Could you write out, exactly and with no pictures, every line from the one containing "默认的退出 url 为" through the last line of the entries?

*** Opening Input for this task ***

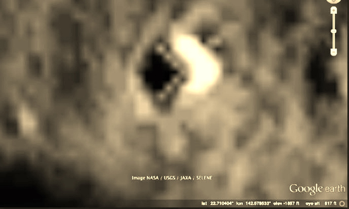 LADEE's Ultraviolet and Visible Light Spectrometer (UVS), which determines the composition of the lunar atmosphere by analyzing light signatures of materials it finds, detected something very large and very different from anything "lunar." The object was located in a crater which is about the size of downtown Chicago. It was L-shaped, like a wedge, gave off no radio signals but did appear to have seven areas where light of some type was either being emitted or being reflected. Thanks to LADEE having found the object, NASA knew where to look and sent the LROC to grab high-resolution images. Those images are classified, but low-resolution images from LROC made it out to the public via routine LROC publication. They ended-up as part of Google Moon where intrepid users found the object. Here now, the low-resolution images of an enormous object, which was tracked by the U.S. Government for millions of miles before it soft-landed on our moon:
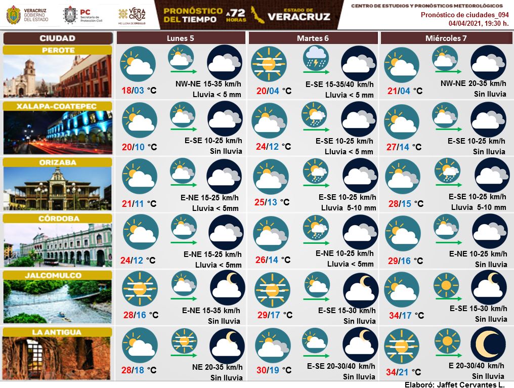 Córdoba, Ver. – La semana iniciará con despejado a medio nublado, precipitaciones vespertinas a nocturnas en montaña y algunas matutinas en costa.
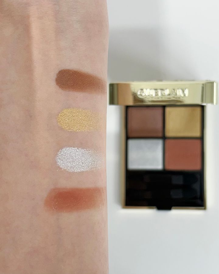 シマーゴールド、スパークリングシルバー、ウォーム ヌード、ブラウンのニュアンスが重なり合い、華やかで煌めく目元に。
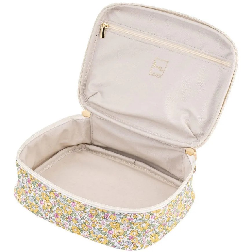 Soft Beauty Bag er en praktisk og stilfull sminkebag, laget av 100% bomull medBon Deps eksklusive Liberty-stoff. Bagen har et vannavstøtende fôr som beskytter sminken din, og er designet med en praktisk innvendig lomme for enkel organisering. Med et topphåndtak og en sikker glidelåslukking, er denne sminkebagen lett å bære med seg, og perfekt for både hjemmebruk og reiser.
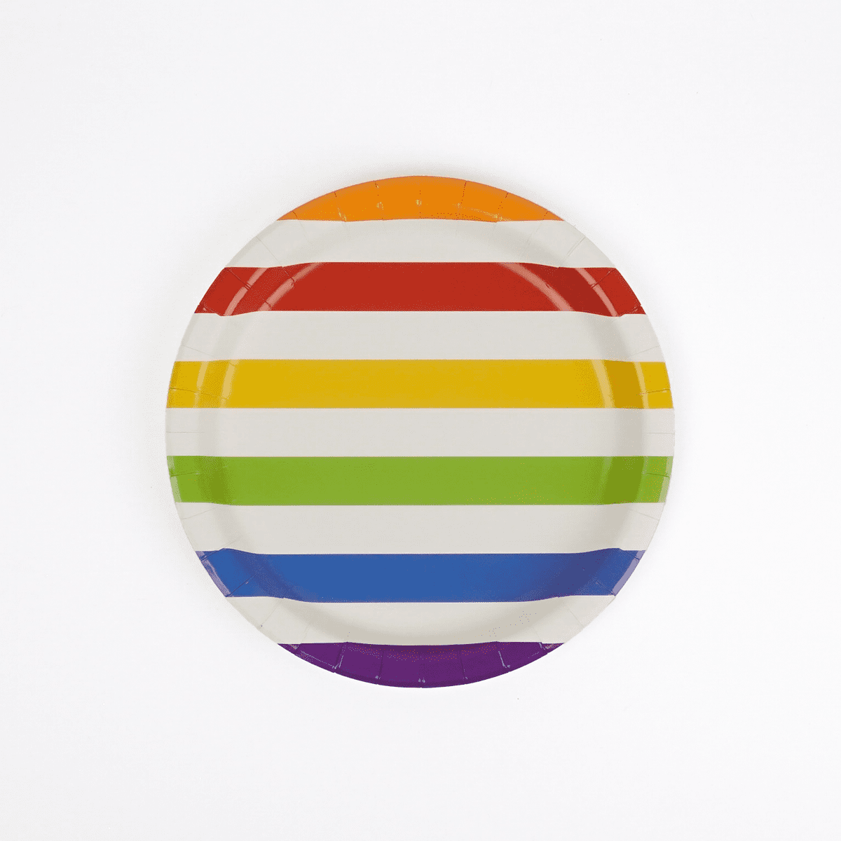 Inicio Fiesta Desechables Plato Rayas Multicolor x8 Pcz
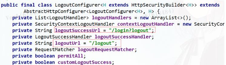 默认的退出 url 为 /logout ,退出成功后跳转到 /login?logout 。
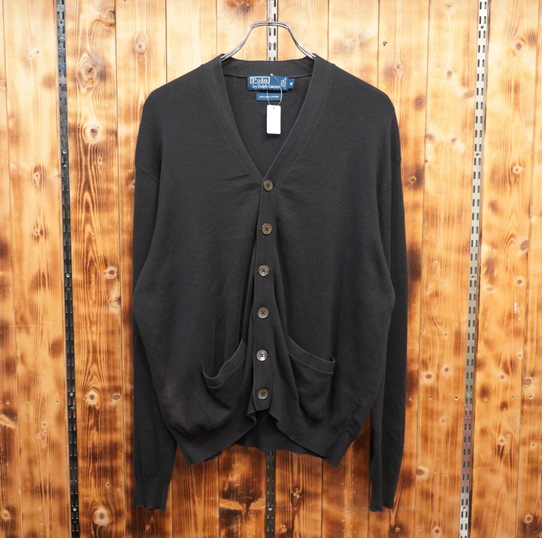ralphlauren pima cotton カーディガン 黒 完全無地 M/ラルフローレン

*** Closing Input for this task ***

**Result for this exercise:**
 默认的退出 url 为 /logout ,退出成功后跳转到 /login?logout 。
ralphlauren pima cotton カーディガン 黒 完全無地 M/ラルフローレン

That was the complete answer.